После Клерво я провел ночь в укрепленном городке под названием Шатовиллэн, проснулся, едва рассвело, и ушел через олений парк. Солнце кровило из-за облаков, и краски мира тускнели, словно свет проникал сквозь озерную глубь. Воздух казался серым, как и опавшие листья, и такой же, бледно-серой, была грязь; впрочем, местами она зеленела. На ветках клочьями висел грязный туман. Случалось, подрагивал куст или низкая ветка, но вот оленей я не видел. Я шел по тропинкам среди вязов и напрасно пытался различить в дымке силуэты зверей – зато мгла, окутавшая воздух, сплеталась в иные образы, и временами со мною по парку бродил целый костюмированный бал: мушкетеры в шляпах с пером, дамы, подбирающие юбки, и мальчики-алтарники в перчатках, несущие свечи и кресты…
Наконец в зарослях боярышника я приметил целую семью рыжеватых оленей. Двое детенышей не сводили с меня черных глаз, маленьких, словно бусинки. Третий, молодой, важно прогуливался и даже не повернул головы. Я стоял, чуть приподняв руку, пока из-за ограды не появилась пятнистая косуля. Она склонила голову, недовольно надула губы, двинулась вперед, на шаг, на два, но чужой запах, должно быть, ее испугал, и она кукольными шажками отбежала прочь и быстро скрылась в тумане.
Еще больше призраков я встретил в древнем Лангре.
Старый город, на чьих узких улочках ровными рядами выстроились особняки XVIII столетия, возвышался над современными районами, занимая высокий холм. День спустя я бродил по его улицам, и до меня все время доносилась музыка: в доме с заколоченными окнами плакала скрипка, по опустевшим проулкам бродили отголоски народных песен, а в безлюдном соборе пел невидимый хор…
Франция. Лангр. Собор святого Мамета
Еще вконец распоролись швы на кроссовках, и я битый час искал обувщика – хотя за это время миновал кучу мастерских, где продавались вилки размером со скрепку или портновские ножницы с драгоценными ручками.
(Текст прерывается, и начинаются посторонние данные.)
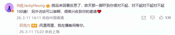 第二天百克力发了视频,说当时愣住零点零一秒,脸上都僵了,但马上笑起来,还说这反倒成了节目看点,他没怪向佐,还强调相信向佐不是故意的,向佐在评论区连回三句对不起,态度放得很软,可一句没解释动作为什么失控,一个把意外当素材用,一个只认错不说原因,两人反应差别挺大。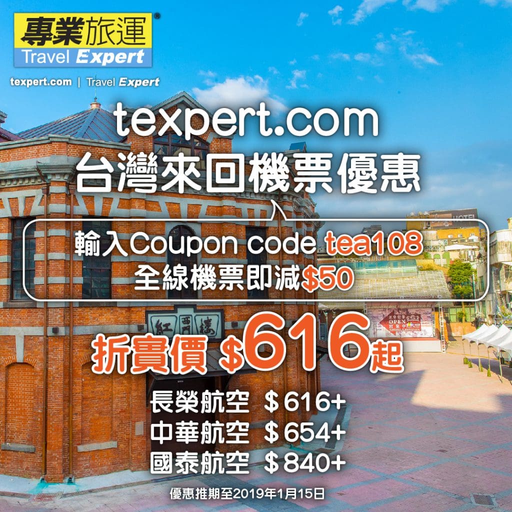 專業旅運網上商店texpert.com推出全線台灣機票優惠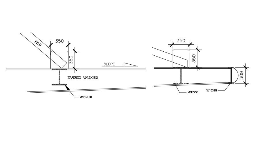 Tapered section view 2D AutoCAD drawing is given in this file. I section is provided. The dimension of the I sections are mentioned in this drawing. For more details download the AutoCAD drawing file from our website.

Есть! Нашел! На витрине обувной лавки выстроились шеренги антикварных туфель и сапог для верховой езды – кожаных, со стальными шпорами и подвернутой верхушкой.
Закрыто на обед. Да какого лешего… сейчас уже четыре!
Я пришел через полчаса.
Закрыто до утра.
Пресвитерия Лангра внушала уважение, как и ее железные ворота, которые запирались ровно в девять. Рядом была капелла, а над ней, на верхнем этаже, нашлась целая квартирка для паломников – с дырявой крышей и вечным ремонтом, но я не возражал, ведь здесь на койках были матрасы, а на стенах – батареи. И те паломники, которые были здесь раньше, оставили в кладовке пакеты с рисом и макаронами, чай, кофе и энергетики в ярких банках. Было нечто успокаивающее в этом намеке на единство, словно далекие незнакомцы помнили обо мне.
Всю ночь по чердаку гулял ветер. Дрожали занавески, пропуская мерцающий уличный свет, и мерно постукивал радиатор – тик-так, тик-так, – словно чудесный заводной механизм, даривший тепло всему дому. В полночь тиканье оборвалось. Вскоре я услышал шаги: кто-то поднимался в комнату. В дверь постучали. Священник? Я откликнулся, но мне никто не ответил. Я позвал второй раз – и опять тишина. А потом я услышал звук, который не могу выразить и сейчас: в нем сплелись шорох страниц древней Библии и хриплый детский кашель. Затем: ничего.